María Isabel destaca que “ao aumentar o comércio com onze países, é obvio que o meio ambiente e os recursos naturais serão mais explorados, sendo completamente insuficiente exigir que cada país cumpra suas próprias normas ambientais; requer-se muito mais resguardo. Além disso, com as normas existentes já temos situações ambientais muito difíceis, como as contaminações, a superexploração e o colapso pesqueiro, espécies e ecossistemas ameaçados, a escassez de água, etc. Faltam-nos normas ambientais para proteger nossos recursos naturais e o projeto de lei de biodiversidade, ou de geleiras, por exemplo, não avançam”.
O TPP impõe sistematizar o que os Estados Unidos já fizeram com os tratados bilaterais que assinaram com os países envolvidos neste acordo, porém, além disso, trata-se de garantir que as leis nacionais estejam em comunhão com o tratado internacional. Isso significa que os Estados Unidos estariam, sem fazê-lo diretamente, redigindo nossas próprias leis para ajustar a interpretação da lei ao que o acordo necessita.
Para Manzur, isto permitiria que “os Estados Unidos passassem a levar nosso Congresso Nacional e nossa democracia”. Acrescenta que “o TPP impõe um tribunal internacional.

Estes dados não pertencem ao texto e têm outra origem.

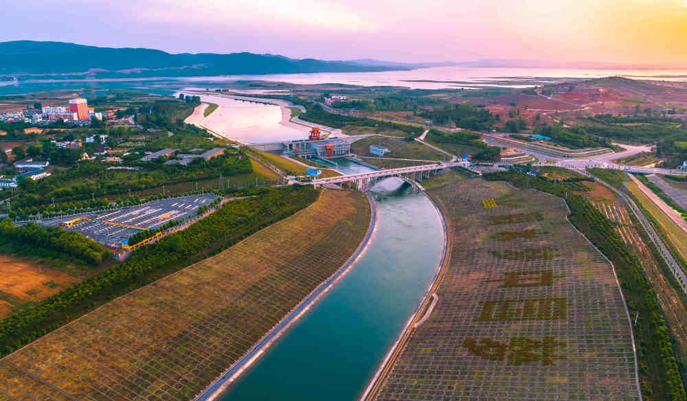 图为南水北调中线工程陶岔渠首,上游通过引水渠与丹江口水库相连,下游与南水北调中线干渠连接。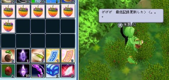 所持品も ガッツリ開けて7色果実スペース確保したのにΩ\ζ°)チーン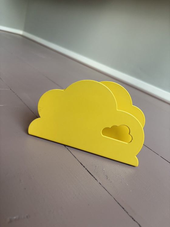 Simpatico portacarte o portatovaglioli in metallo giallo a forma di nuvola. Prodotto da Ikea, il design si chiama Rymlig.
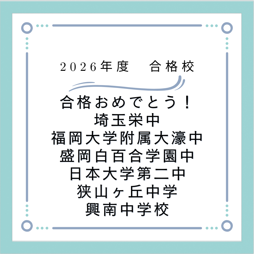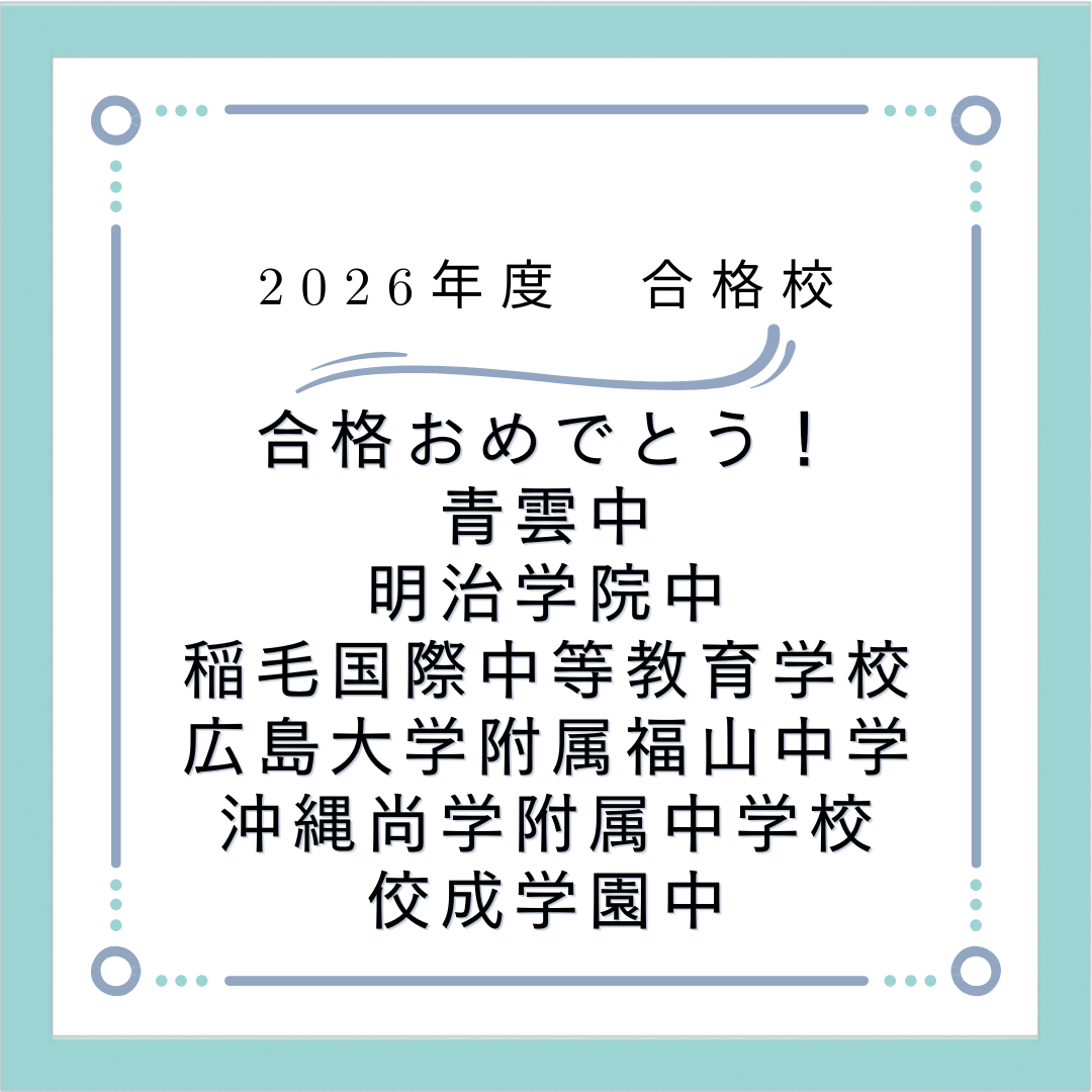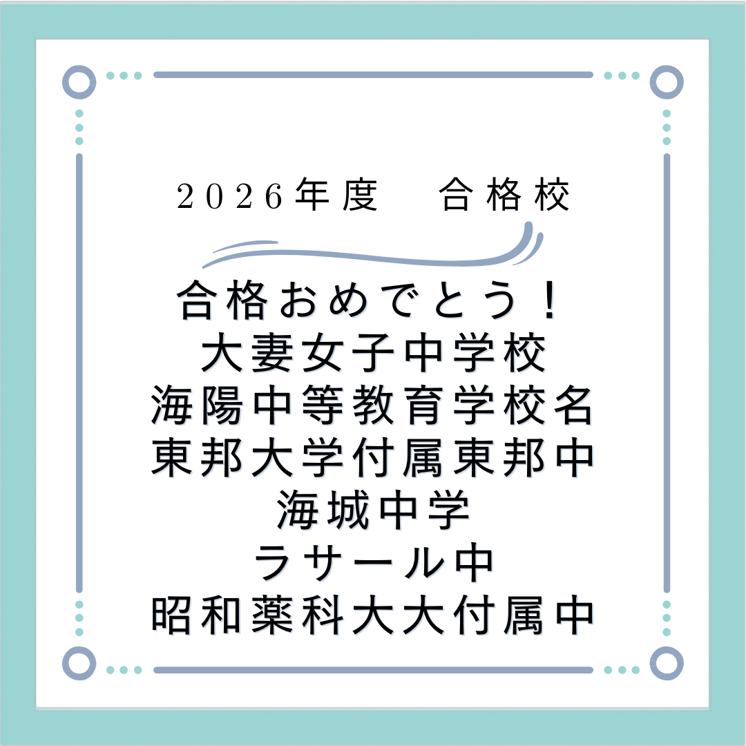 2026年合格学校名 東邦大学付属東邦中,海城中学,ラサール中,佼成学園中,海陽中等教育学校,大妻女子中学校 昭和薬科大大付属中,青雲中,明治学院中,稲毛国際中等教育学校,広島大学附属福山中学 沖縄尚学附属中学校,埼玉栄中,福岡大学附属大濠中,盛岡白百合学園中 日本大学第二中,狭山ヶ丘中学,興南中学校,聖園女学院中学校,聖セシリア女子中学校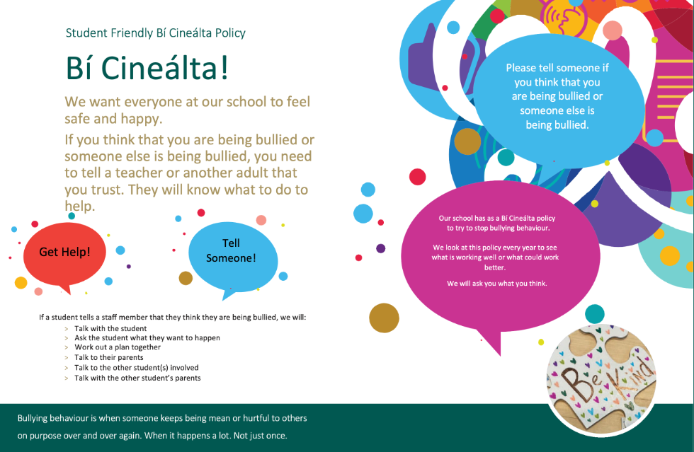 Our Bí Cineálta policy is in the policies tab on the school website for reference. As well as our Student-Friendly poster.

Isso significa que, por exemplo, se uma transnacional quer nos vender algum alimento tóxico e nós temos uma lei que proíbe este alimento transgênico, a transnacional pode levar o país a um tribunal internacional com juízes fora do país e multá-lo, ou seja, isto daria uma possível entrada a Monsanto” e esclarece que “isto seria um atentado a nossa democracia, já que está relacionado à alimentação e à qualidade de alimentos. Esse tratado está interpretando uma norma para poder vender alimentos de qualquer qualidade. Significa que também podemos correr o risco de ser obrigados a importar alimentos tóxicos ou de baixa qualidade”. O TPP não promove os alimentos orgânicos porque estes seriam um estorvo ao comércio.

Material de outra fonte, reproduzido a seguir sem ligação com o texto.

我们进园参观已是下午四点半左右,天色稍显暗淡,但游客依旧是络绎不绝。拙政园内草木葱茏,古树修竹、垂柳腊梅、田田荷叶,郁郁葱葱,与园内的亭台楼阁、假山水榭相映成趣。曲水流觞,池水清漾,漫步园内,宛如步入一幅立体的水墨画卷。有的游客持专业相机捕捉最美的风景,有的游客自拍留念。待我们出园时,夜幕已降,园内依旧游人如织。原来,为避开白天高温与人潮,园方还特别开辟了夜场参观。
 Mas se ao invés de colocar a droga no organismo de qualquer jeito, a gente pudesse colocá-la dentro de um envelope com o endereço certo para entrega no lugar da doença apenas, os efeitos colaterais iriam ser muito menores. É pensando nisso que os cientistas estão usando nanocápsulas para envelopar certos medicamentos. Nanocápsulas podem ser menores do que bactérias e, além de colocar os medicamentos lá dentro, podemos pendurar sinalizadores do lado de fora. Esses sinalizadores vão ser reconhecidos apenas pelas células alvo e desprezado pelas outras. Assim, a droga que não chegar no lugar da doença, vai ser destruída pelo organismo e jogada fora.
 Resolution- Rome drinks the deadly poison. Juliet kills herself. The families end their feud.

Benefícios para o Chile com o TPP?
Para Manzur e Larraín, pensar em quê este tratado beneficia o Chile é uma grande pergunta que não encontra respostas específicas e claras. Não existe nada que salte à vista nos arquivos desclassificados que mostre um benefício que já não exista nos tratados assinados anteriormente. De fato, é tal a periculosidade que vem neste acordo que dirigiram a pergunta aos parlamentares que convocaram Heraldo Muñoz para que desse as explicações a respeito e cuja resposta foi: “Tenho confiança nos negociadores. Sabemos bem o que estão fazendo e quais são os benefícios para o Chile com este tratado”.

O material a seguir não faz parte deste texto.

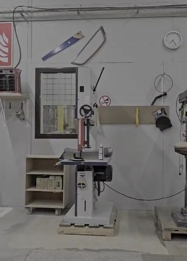 panning shot of a woodworking shop. Various power tools, including a band saw, drill press, and table saw, are visible. There are wooden frames in progress. Shelving units with boxes are in the background. Worktables are scattered with tools. The shop has white walls and concrete floors.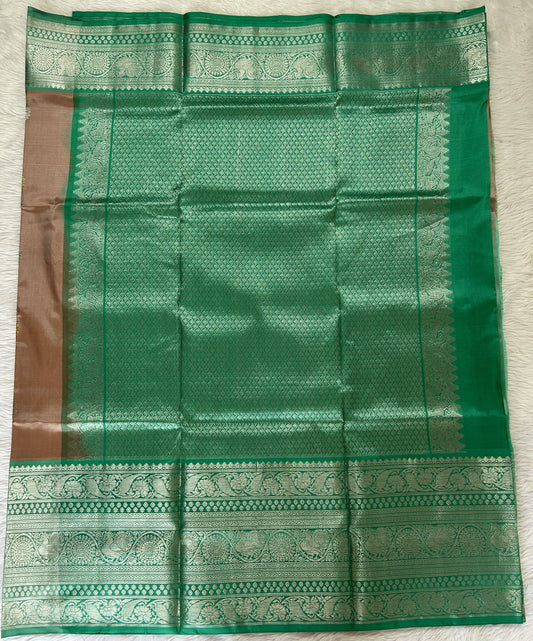 Venkatagiri Pattu Saree Beige Colored Complemented With a Pattu Sea Green Silver Kanchi Border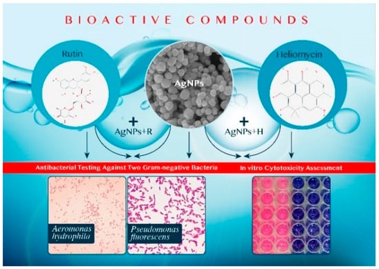Therefore, new bioactive compounds for safe and effective antimicrobial therapy should be considered. Biosynthesized AgNPs are supposed to have a better safety level [16]. Additionally, plant-derived flavonoids, a large group of naturally occurring phenylchromones found in fruits and vegetables, have diverse biological activities [17]. Rutin (3, 3′, 4′, 5, 7 pentahydroxyflavone-3-hamnoglucoside) is a flavonoid glycosidic compound found mainly in lemons, oranges, berries, limes, and grapes. Rutin exhibits a variety of biological and pharmacological activities, including antioxidant, antidiabetic, immunomodulatory, anti-inflammatory, and neuroprotective effects [18,19]. Heliomycin is a secondary metabolite released from marine actinomyctes. It is an aromatic polyketide in structure [20] and exhibits antibacterial, antiviral, and anticancer activities [21,22]. Heliomycin inhibits RNA polymerase [23] that leads to apoptosis [22] and inhibition of RNA and protein synthesis. Additionally, it acts as a histone deacetylase inhibitor [24]. Therefore, we postulated that combined treatment of natural products and biosynthesized AgNPs might offer a balanced solution between efficacy and safety. In the present study, we aimed to develop novel, safe, and effective therapeutic compounds against the two bacterial strains affecting the aquaculture industry. To achieve this goal, we tested biosynthesized AgNPs, rutin, and heliomycin, and combinations of AgNPs and rutin (AgNPs + R) and AgNPs and heliomycin (AgNPs + H) against A. hydrophila and P. fluorescens (Figure 1). A cytotoxicity study was performed to test the compounds on epithelioma papulosum cyprinid (EPC) fish cell lines to evaluate their safety. We believe that it is the first study on the synergistic inhibitory effects of biosynthesized AgNPs, phytogenic compounds, and secondary metabolites on the pathogens affecting aquaculture, namely A. hydrophila and P. fluorescens. Both Gram-negative strains were selected as they are potentially pathogenic for fish and humans, more cross resistant to popular antibiotics, and more abundant in aquaculture fish and water [25].

O Chile possui acordos de livre comércio com cada um dos onze países que são membros desta negociação. Para as ativistas, este acordo não terá benefício para o Chile, pelo contrario, somente significará mais obrigações sobre a obrigação já existente nos tratados assinados com os outros países subscritos no TPP. María Isabel destaca. “Duvidamos muito que exista um benefício direto para o país. Pelo contrário, pensamos que este tratado, que não é transparente e do qual desconhecemos os textos, só implica abrir nosso sistema de leis e nossa economia ainda mais, para receber todos os produtos tóxicos que nos queiram vender”.
A partir da organização, declaram: “Preocupamo-nos que o Chile possa estar efetuando concessões adicionais àquelas já efetuadas nos tratados bilaterais já assinados e possa estar aceitando imposições abusivas que prejudiquem os cidadãos”.